What the task asks. Up to and including the line holding "- Para excluir", write out the data exactly from its first line, but not the pictures.
==== Given entries
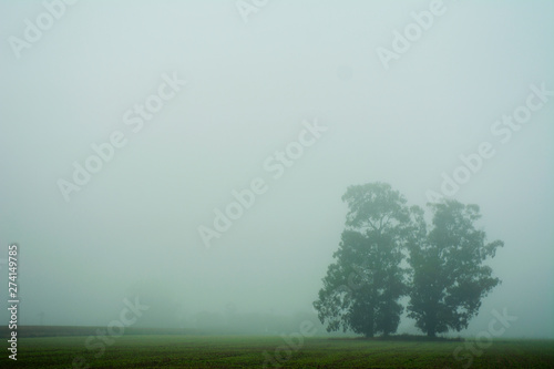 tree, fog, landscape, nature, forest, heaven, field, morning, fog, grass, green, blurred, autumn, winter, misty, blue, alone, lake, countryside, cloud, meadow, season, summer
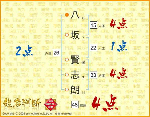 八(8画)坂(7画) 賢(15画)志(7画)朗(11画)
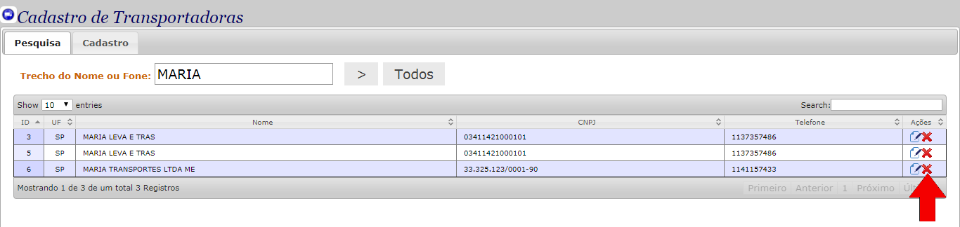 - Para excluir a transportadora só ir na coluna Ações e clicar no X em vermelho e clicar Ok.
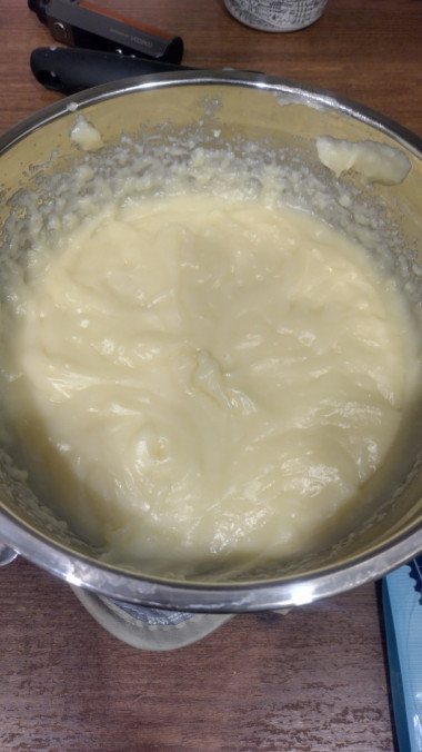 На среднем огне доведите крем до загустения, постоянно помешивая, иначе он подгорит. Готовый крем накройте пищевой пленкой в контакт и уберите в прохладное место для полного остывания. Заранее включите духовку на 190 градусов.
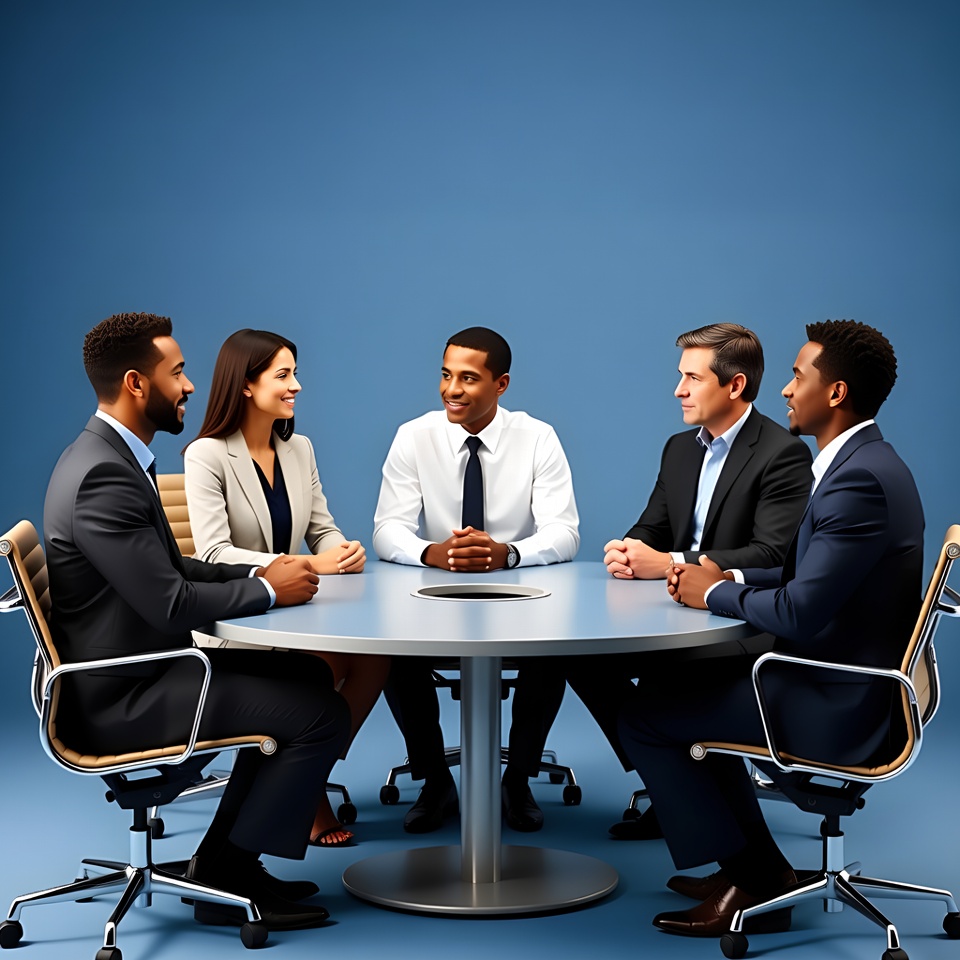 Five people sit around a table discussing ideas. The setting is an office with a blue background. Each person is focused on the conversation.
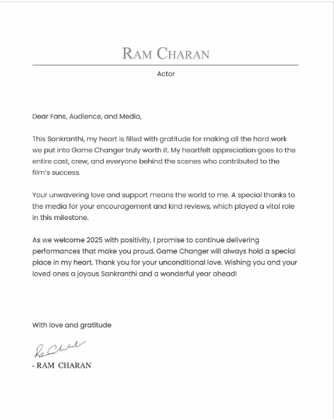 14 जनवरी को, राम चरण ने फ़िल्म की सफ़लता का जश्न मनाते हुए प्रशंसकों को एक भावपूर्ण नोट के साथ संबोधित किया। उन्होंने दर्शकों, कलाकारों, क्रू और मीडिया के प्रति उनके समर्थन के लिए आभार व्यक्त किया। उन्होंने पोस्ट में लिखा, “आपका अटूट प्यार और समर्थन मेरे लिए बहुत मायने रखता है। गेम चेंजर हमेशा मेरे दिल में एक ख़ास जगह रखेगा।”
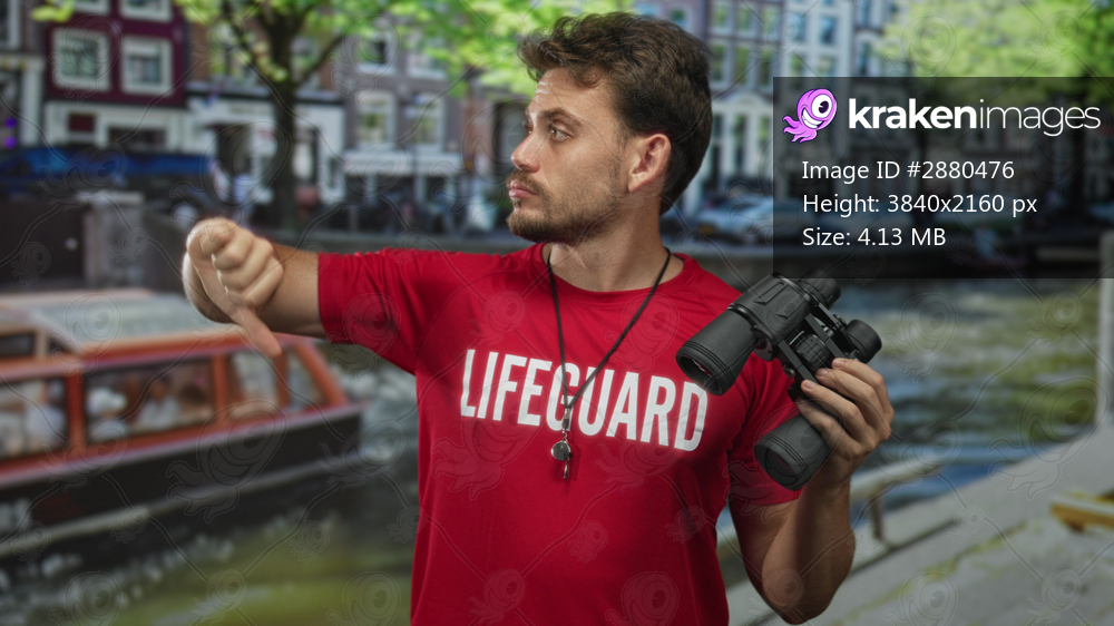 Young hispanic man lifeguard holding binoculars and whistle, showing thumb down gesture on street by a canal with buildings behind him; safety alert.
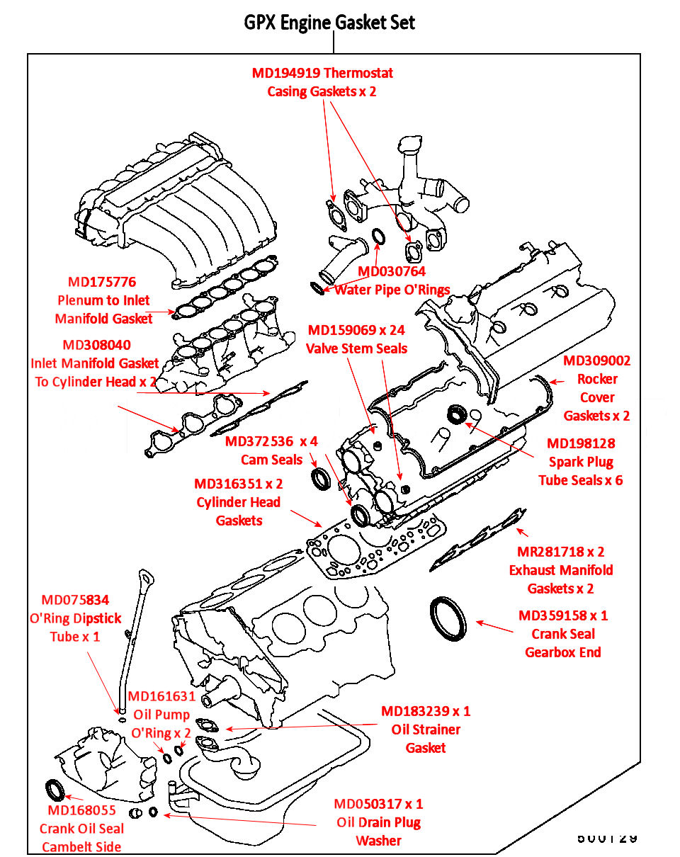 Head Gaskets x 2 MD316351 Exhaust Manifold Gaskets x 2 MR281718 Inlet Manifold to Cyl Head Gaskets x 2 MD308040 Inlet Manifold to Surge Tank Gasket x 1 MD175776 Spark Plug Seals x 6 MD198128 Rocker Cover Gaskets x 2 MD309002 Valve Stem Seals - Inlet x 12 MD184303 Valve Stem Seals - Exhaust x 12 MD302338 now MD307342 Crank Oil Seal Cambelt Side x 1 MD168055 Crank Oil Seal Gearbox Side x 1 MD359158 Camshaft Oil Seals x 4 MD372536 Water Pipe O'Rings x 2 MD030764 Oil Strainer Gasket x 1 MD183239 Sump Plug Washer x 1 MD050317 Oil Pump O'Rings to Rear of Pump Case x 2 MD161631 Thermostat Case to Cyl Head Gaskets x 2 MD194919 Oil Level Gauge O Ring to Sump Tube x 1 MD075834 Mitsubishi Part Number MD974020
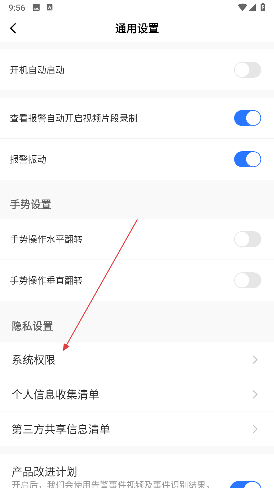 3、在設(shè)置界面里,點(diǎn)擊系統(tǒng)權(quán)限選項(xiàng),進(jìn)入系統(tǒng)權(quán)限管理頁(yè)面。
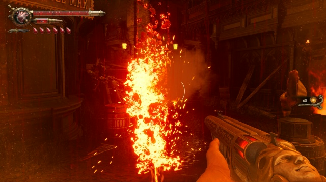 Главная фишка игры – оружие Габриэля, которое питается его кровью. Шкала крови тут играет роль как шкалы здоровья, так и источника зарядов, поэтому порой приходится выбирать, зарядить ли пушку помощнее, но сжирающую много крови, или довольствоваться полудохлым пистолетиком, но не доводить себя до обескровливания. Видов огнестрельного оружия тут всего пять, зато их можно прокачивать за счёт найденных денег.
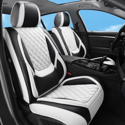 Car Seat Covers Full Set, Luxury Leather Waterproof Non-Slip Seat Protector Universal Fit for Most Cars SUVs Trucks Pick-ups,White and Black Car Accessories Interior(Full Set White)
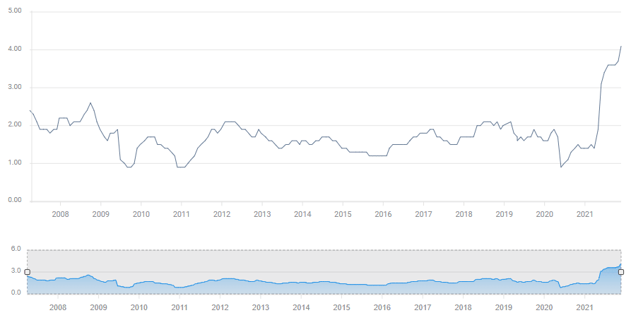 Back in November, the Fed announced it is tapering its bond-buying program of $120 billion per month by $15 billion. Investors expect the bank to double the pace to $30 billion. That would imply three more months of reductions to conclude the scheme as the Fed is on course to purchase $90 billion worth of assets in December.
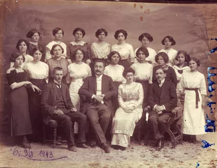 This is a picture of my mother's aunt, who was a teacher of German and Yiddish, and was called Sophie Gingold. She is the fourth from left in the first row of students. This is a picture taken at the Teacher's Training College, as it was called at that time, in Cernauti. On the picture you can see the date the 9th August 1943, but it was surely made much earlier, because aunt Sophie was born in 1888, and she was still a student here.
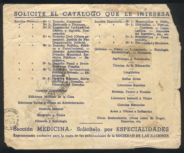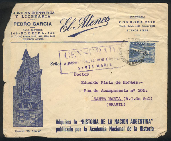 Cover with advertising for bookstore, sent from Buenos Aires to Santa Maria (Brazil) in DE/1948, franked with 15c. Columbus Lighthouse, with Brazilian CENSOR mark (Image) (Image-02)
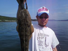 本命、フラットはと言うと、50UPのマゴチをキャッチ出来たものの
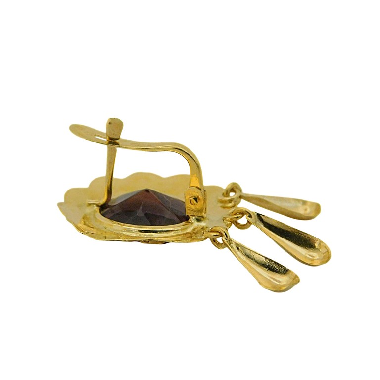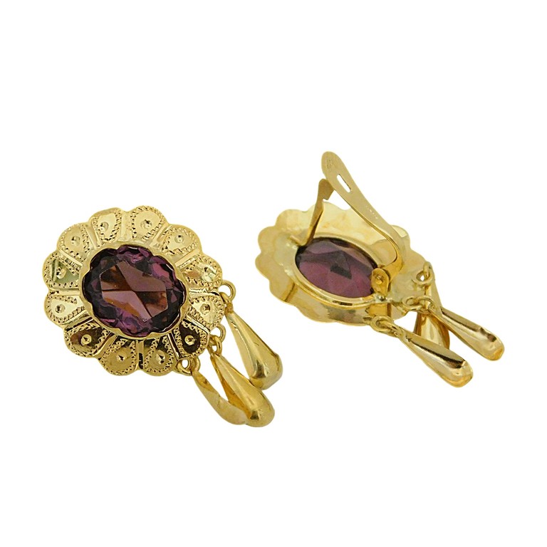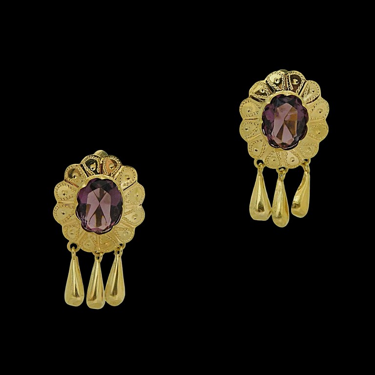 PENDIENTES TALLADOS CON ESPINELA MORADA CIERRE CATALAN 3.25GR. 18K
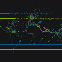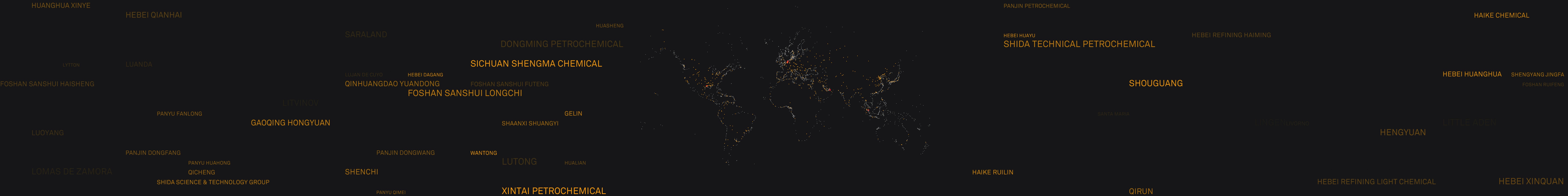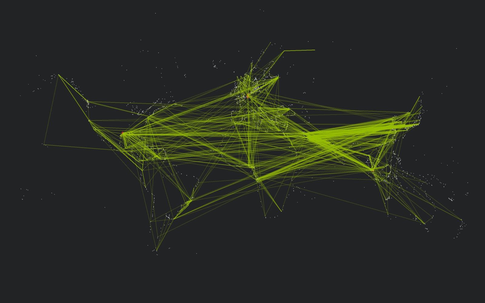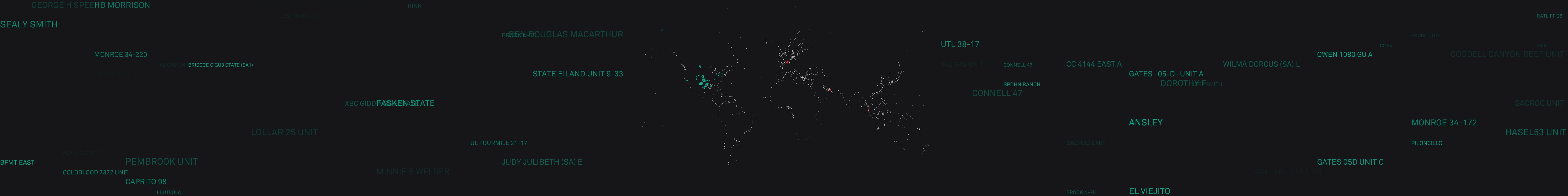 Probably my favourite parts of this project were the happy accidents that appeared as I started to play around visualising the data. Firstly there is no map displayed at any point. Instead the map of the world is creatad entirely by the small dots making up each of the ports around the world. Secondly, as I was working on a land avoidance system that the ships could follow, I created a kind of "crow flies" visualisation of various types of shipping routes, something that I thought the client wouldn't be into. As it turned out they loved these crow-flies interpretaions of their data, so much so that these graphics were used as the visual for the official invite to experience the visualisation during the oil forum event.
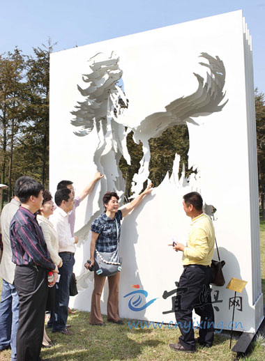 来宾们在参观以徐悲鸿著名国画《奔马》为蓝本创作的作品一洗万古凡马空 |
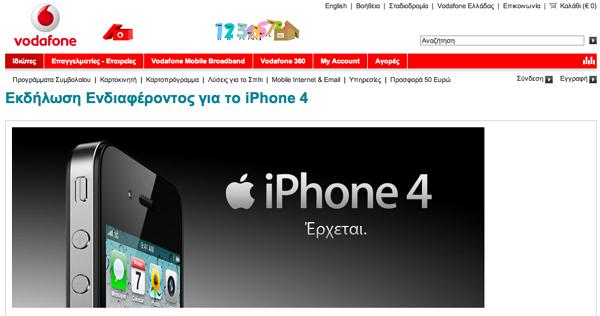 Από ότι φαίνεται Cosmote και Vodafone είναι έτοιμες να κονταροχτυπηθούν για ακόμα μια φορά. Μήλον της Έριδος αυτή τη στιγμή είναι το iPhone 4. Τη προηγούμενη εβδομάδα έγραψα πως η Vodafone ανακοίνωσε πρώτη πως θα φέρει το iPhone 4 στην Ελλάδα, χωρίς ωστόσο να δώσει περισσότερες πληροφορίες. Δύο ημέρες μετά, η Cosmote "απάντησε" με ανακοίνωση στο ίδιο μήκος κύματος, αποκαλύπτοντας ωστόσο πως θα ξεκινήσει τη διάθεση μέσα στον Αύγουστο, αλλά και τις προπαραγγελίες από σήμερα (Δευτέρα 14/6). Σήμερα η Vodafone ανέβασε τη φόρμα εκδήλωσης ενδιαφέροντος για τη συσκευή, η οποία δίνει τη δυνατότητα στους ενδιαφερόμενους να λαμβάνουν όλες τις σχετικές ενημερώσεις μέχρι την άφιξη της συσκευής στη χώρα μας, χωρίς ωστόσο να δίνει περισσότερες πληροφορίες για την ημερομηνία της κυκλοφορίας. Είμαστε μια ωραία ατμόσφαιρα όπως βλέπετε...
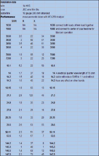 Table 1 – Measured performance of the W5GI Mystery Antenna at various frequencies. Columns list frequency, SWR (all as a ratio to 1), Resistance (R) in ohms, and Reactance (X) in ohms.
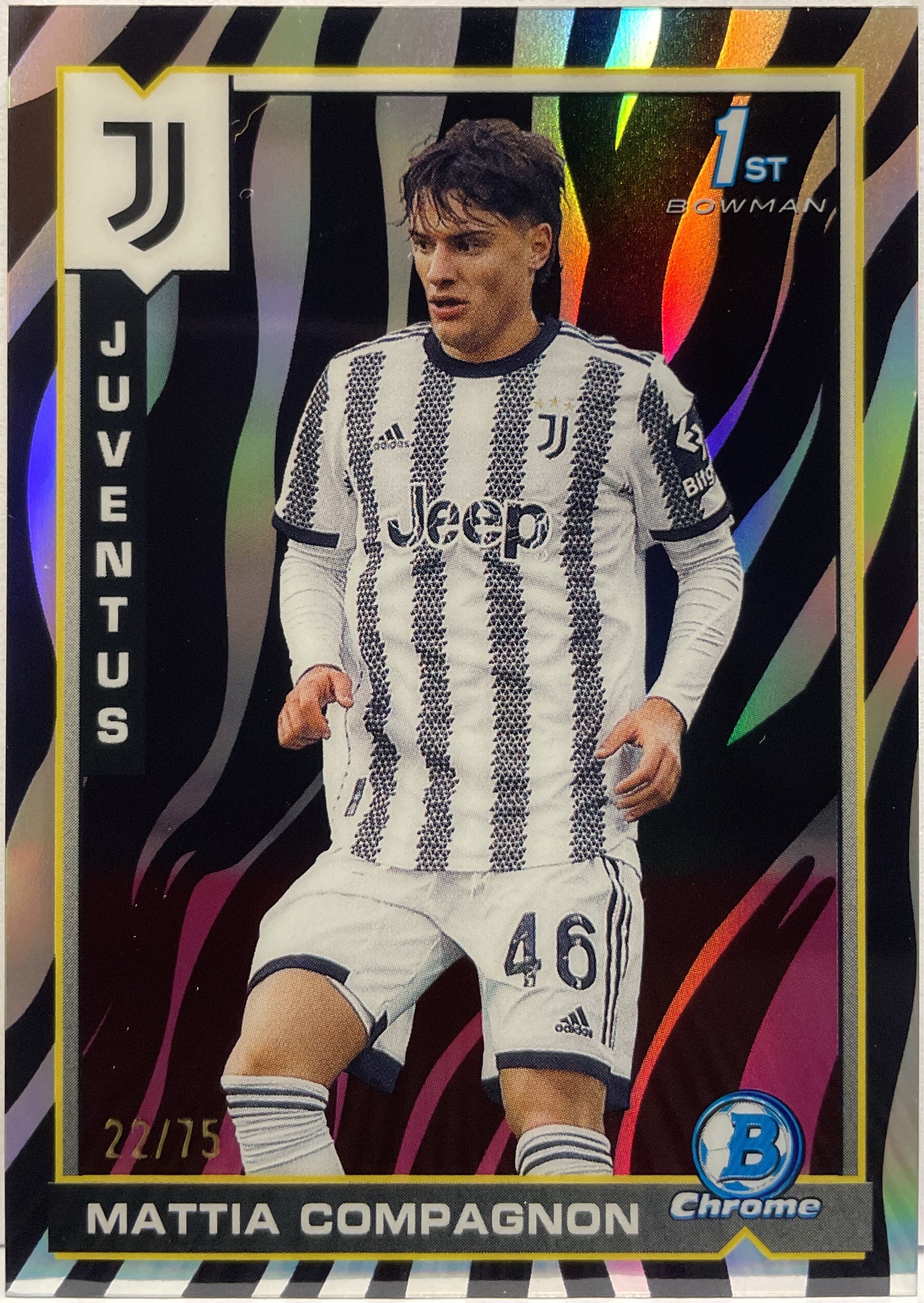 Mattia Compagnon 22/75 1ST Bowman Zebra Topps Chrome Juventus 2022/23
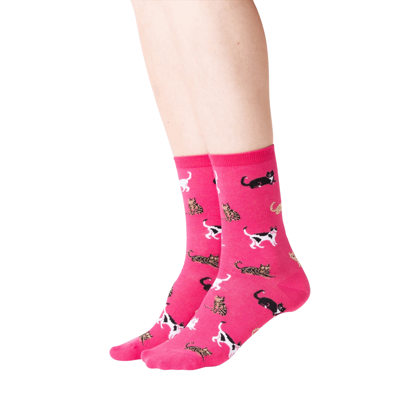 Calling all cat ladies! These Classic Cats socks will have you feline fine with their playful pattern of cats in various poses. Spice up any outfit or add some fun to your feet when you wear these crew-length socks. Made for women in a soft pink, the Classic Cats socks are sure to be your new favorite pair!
========
Solution for this task.
 tree, fog, landscape, nature, forest, heaven, field, morning, fog, grass, green, blurred, autumn, winter, misty, blue, alone, lake, countryside, cloud, meadow, season, summer
 八(8画)坂(7画) 賢(15画)志(7画)朗(11画)
 - Para excluir a transportadora só ir na coluna Ações e clicar no X em vermelho e clicar Ok.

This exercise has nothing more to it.